Instructions to follow: The lines below, from the one containing "The Puy du Fou" through the one containing "Chorzów, 07.09.2025. Polak", should be set down exactly, with no pictures and nothing else.

── Input for this task

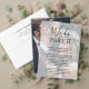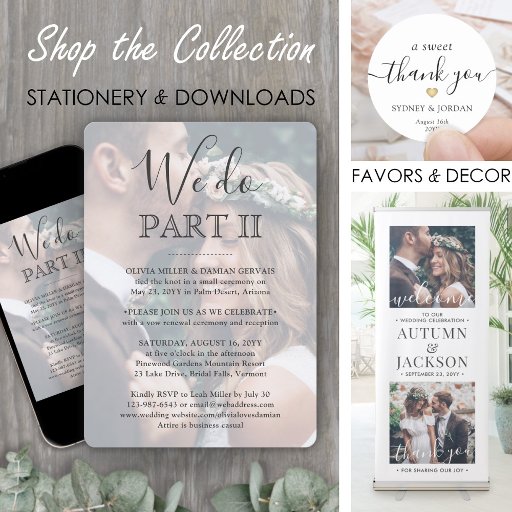 Announce the joyful news of your wedding and upcoming celebration with unique custom photo overlay save the date invitations. Family and friends can witness you say "I do" again at a stylish sequel wedding with a vow renewal ceremony and reception. The two photos and all wording are simple to personalise including quote that reads "we do part II." Customise it for any type of marriage celebration, such as a 1st anniversary reception, post elopement party, cocktail hour or dinner party. Include the marriage date, location, website, or any other important details of your choice. (IMAGE PLACEMENT TIP: An easy way to centre a photo exactly how you want is to crop it before uploading to the Zazzle website.) The modern minimalist black and white design features 2 pictures of the newlywed couple, trendy handwritten script calligraphy, and elegant typewriter style typography. Whether or not you eloped due to the covid pandemic or downsized to a smaller, more intimate minimony or micro wedding, the happily ever after party can still get started. Congratulations to the bride and groom!
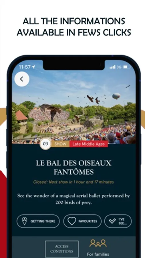 The Puy du Fou France application is available in 5 languages: French, English, Spanish, German and Dutch.
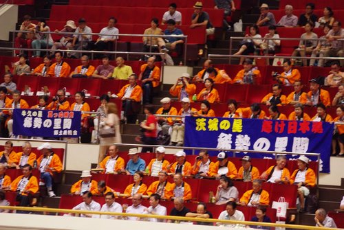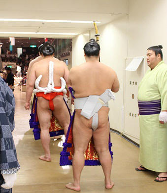 ichimon (一門) : Groupement des heya sous forme de clan issue généralement d’une même confrérie mère. En 2014 on comptait 6 ichimon : Dewanoumi, Nishonoseki, Tokitsukaze, Takasago, Isegahama et Takanohana. Jusqu’en 1965, les lutteurs de la même ichimon ne pouvaient pas se rencontrer lors d’un tournoi. intai (引退) / intai-zumô (引退相撲) : Retraite du monde du sumô. isegahama ichimon (伊勢ヶ濱一門) : Le clan isegahama regroupe les heya : Isegahama, Kasugayama, Oitekaze, Miyagino, Tomozuna, Asakayama et Asahiyama. |
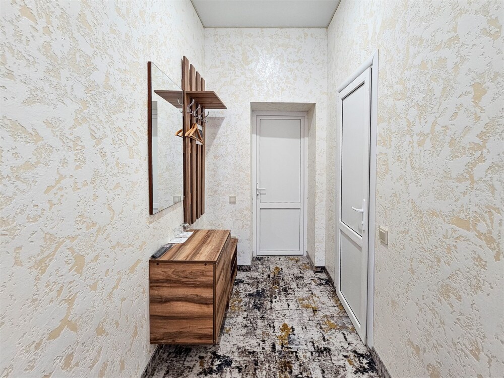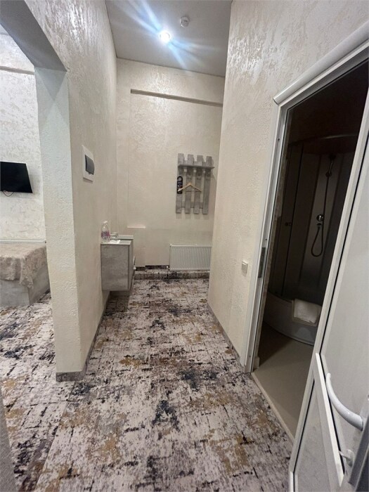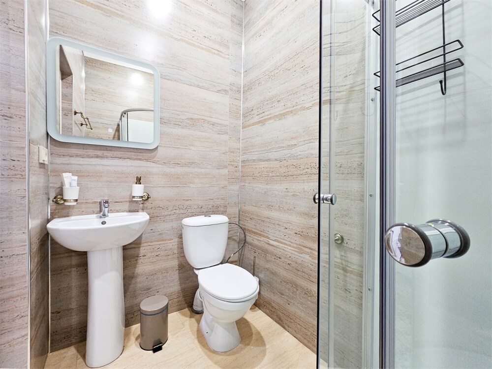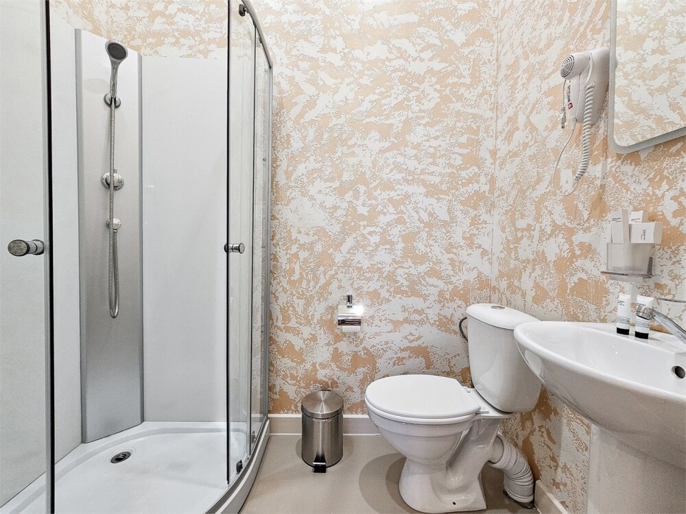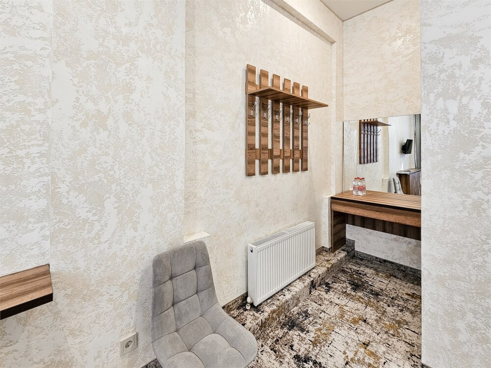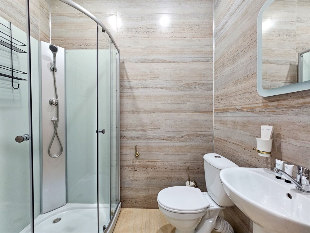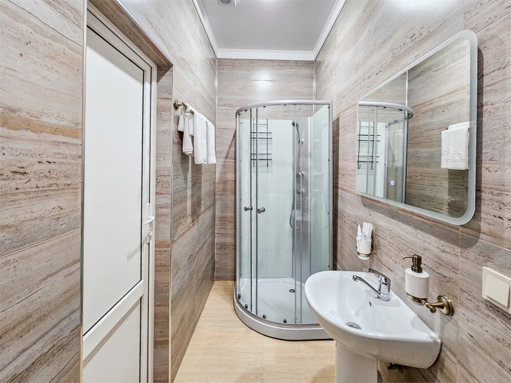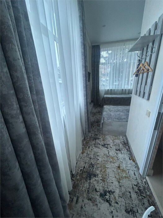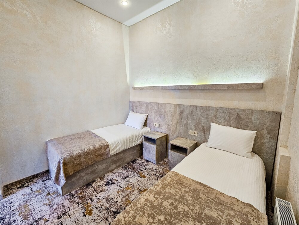 Номер оснащен: двуспальная кровать, телевизор, кондиционер, шкаф, посуда, чайный набор, журнальный столик, раскладной диван, два стула, бра, халаты средства гигиены, комплект полотенец 3-х видов, душевая, санузел, фен, зеркало.
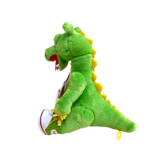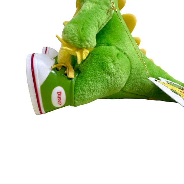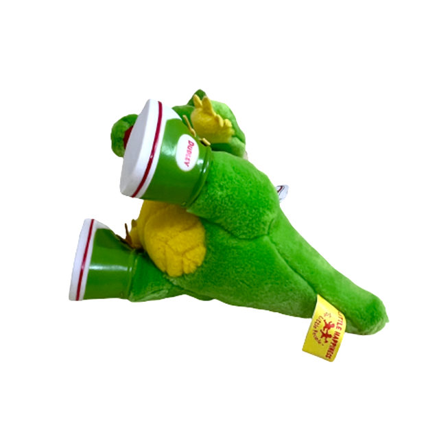 カナダの"YTV"にて93年から97年まで放送されていた子供向けテレビ・シリーズ"The Adventures of Dudley the Dragon"から主人公"Dudley the Dragon"の9インチ・プラッシュ・ドールになります。ガチャピンとマペッツの間という感じの陽気な着ぐるみドラゴンで既に最高となりますが、"A LITTLE HAPPINESS"製のこちらは代名詞となるネーム・ロゴ入りのスニーカーや2本の歯をソフビ製というこだわり、90'Sムードのタグも付いてマックス最高となります。黄緑とイエロー・カラーというとびきりポップなカラーリングにジム・ヘンソン風のギョロ目も愛くるしいです。素晴らしいコンディションでの入荷となります。
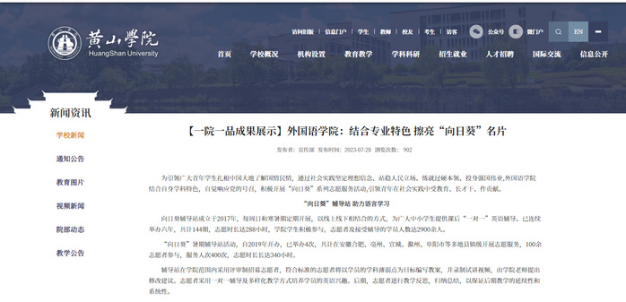 I志愿——育学风。学院学子展现青年担当,积极参与各项志愿服务。向日葵“辅导站”志愿活动自2017年成立以来,已累计辅导1700名学生,志愿时长达4000小时,成功入选为金年会第二批“一院一品”活动,广受好评;成立“向日葵”宣讲团,以宣讲的形式传承弘扬中华优秀传统文化,用外语说好中国故事。“向日葵”宣讲团2022年拍摄双语视频在学习强国、安徽日报等平台展示,2023年入选暑期三下乡“圆梦工程”志愿服务团队,获校成果汇报一等奖。
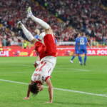Chorzów, 07.09.2025. Polak Jakub Kamiñski cieszy siê z bramki strzelonej na 3:0 w meczu eliminacyjnym pi³karskich mistrzostw wiata z Finlandi¹, 7 bm. w Chorzowie. (js) PAP/Micha³ Meissner
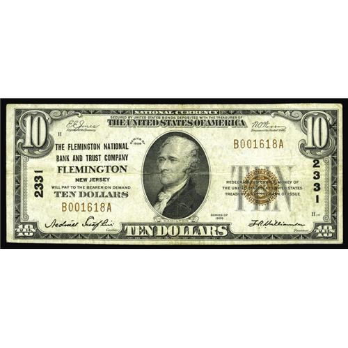 <B>Flemington, NJ</B></I> - $10 1929 Ty. 1 <B>The Flemington NB & TC</B></I> Ch. # 2331<BR>In 1930, Nedonis Sutphin and F.R. Williamson added the trust designation to this bank's title. <B>Very Fine.</B></I>

────

Result:
 The Puy du Fou France application is available in 5 languages: French, English, Spanish, German and Dutch.
 ichimon (一門) : Groupement des heya sous forme de clan issue généralement d’une même confrérie mère. En 2014 on comptait 6 ichimon : Dewanoumi, Nishonoseki, Tokitsukaze, Takasago, Isegahama et Takanohana. Jusqu’en 1965, les lutteurs de la même ichimon ne pouvaient pas se rencontrer lors d’un tournoi. intai (引退) / intai-zumô (引退相撲) : Retraite du monde du sumô. isegahama ichimon (伊勢ヶ濱一門) : Le clan isegahama regroupe les heya : Isegahama, Kasugayama, Oitekaze, Miyagino, Tomozuna, Asakayama et Asahiyama. |
 Номер оснащен: двуспальная кровать, телевизор, кондиционер, шкаф, посуда, чайный набор, журнальный столик, раскладной диван, два стула, бра, халаты средства гигиены, комплект полотенец 3-х видов, душевая, санузел, фен, зеркало.
 カナダの"YTV"にて93年から97年まで放送されていた子供向けテレビ・シリーズ"The Adventures of Dudley the Dragon"から主人公"Dudley the Dragon"の9インチ・プラッシュ・ドールになります。ガチャピンとマペッツの間という感じの陽気な着ぐるみドラゴンで既に最高となりますが、"A LITTLE HAPPINESS"製のこちらは代名詞となるネーム・ロゴ入りのスニーカーや2本の歯をソフビ製というこだわり、90'Sムードのタグも付いてマックス最高となります。黄緑とイエロー・カラーというとびきりポップなカラーリングにジム・ヘンソン風のギョロ目も愛くるしいです。素晴らしいコンディションでの入荷となります。
 I志愿——育学风。学院学子展现青年担当,积极参与各项志愿服务。向日葵“辅导站”志愿活动自2017年成立以来,已累计辅导1700名学生,志愿时长达4000小时,成功入选为金年会第二批“一院一品”活动,广受好评;成立“向日葵”宣讲团,以宣讲的形式传承弘扬中华优秀传统文化,用外语说好中国故事。“向日葵”宣讲团2022年拍摄双语视频在学习强国、安徽日报等平台展示,2023年入选暑期三下乡“圆梦工程”志愿服务团队,获校成果汇报一等奖。
Chorzów, 07.09.2025. Polak Jakub Kamiñski cieszy siê z bramki strzelonej na 3:0 w meczu eliminacyjnym pi³karskich mistrzostw wiata z Finlandi¹, 7 bm. w Chorzowie. (js) PAP/Micha³ Meissner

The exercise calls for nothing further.